• ENTRIES PROVIDED:

= Beginning of Section =

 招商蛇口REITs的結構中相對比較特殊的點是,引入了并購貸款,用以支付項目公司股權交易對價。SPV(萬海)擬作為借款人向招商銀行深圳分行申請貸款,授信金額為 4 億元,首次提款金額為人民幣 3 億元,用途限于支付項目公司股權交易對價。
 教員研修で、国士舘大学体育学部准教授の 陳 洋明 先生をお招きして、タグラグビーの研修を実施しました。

= End of Section =
= Beginning of Section =

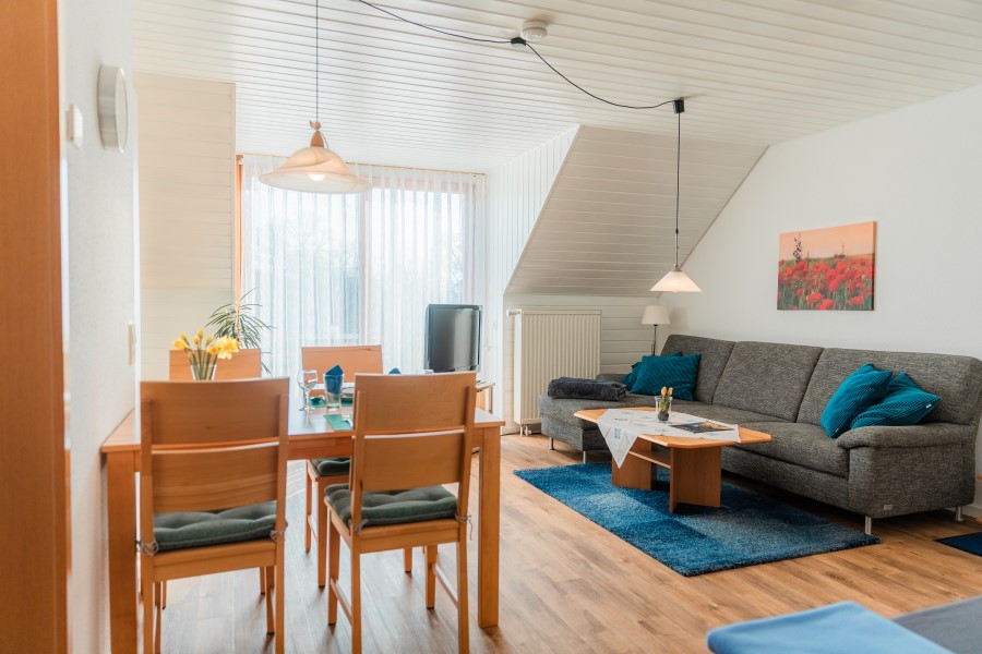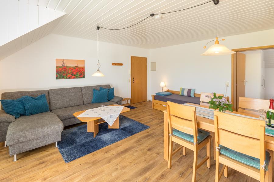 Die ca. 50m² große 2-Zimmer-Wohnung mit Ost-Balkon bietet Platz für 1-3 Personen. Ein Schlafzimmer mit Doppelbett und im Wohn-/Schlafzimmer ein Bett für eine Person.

= End of Section =
= Beginning of Section =

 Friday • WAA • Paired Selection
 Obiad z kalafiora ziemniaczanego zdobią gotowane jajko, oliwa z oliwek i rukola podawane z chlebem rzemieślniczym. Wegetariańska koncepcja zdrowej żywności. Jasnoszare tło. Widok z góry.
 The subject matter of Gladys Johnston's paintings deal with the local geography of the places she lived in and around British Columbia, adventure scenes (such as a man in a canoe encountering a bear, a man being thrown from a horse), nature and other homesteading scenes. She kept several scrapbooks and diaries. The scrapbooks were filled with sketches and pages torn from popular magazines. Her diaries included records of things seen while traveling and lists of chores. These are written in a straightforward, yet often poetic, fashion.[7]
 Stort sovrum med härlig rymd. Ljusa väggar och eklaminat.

= End of Section =

• EXERCISE PROMPT: An exact copy of the lines above, from the one containing "億元,首次提款金額為人民幣 3 億元,用途限于支付項目公司股權交易對價。" through the one containing "教員研修で、国士舘大学体育学部准教授の 陳 洋明", is the whole of the answer.

• WORKED SOLUTION:
 招商蛇口REITs的結構中相對比較特殊的點是,引入了并購貸款,用以支付項目公司股權交易對價。SPV(萬海)擬作為借款人向招商銀行深圳分行申請貸款,授信金額為 4 億元,首次提款金額為人民幣 3 億元,用途限于支付項目公司股權交易對價。
 教員研修で、国士舘大学体育学部准教授の 陳 洋明 先生をお招きして、タグラグビーの研修を実施しました。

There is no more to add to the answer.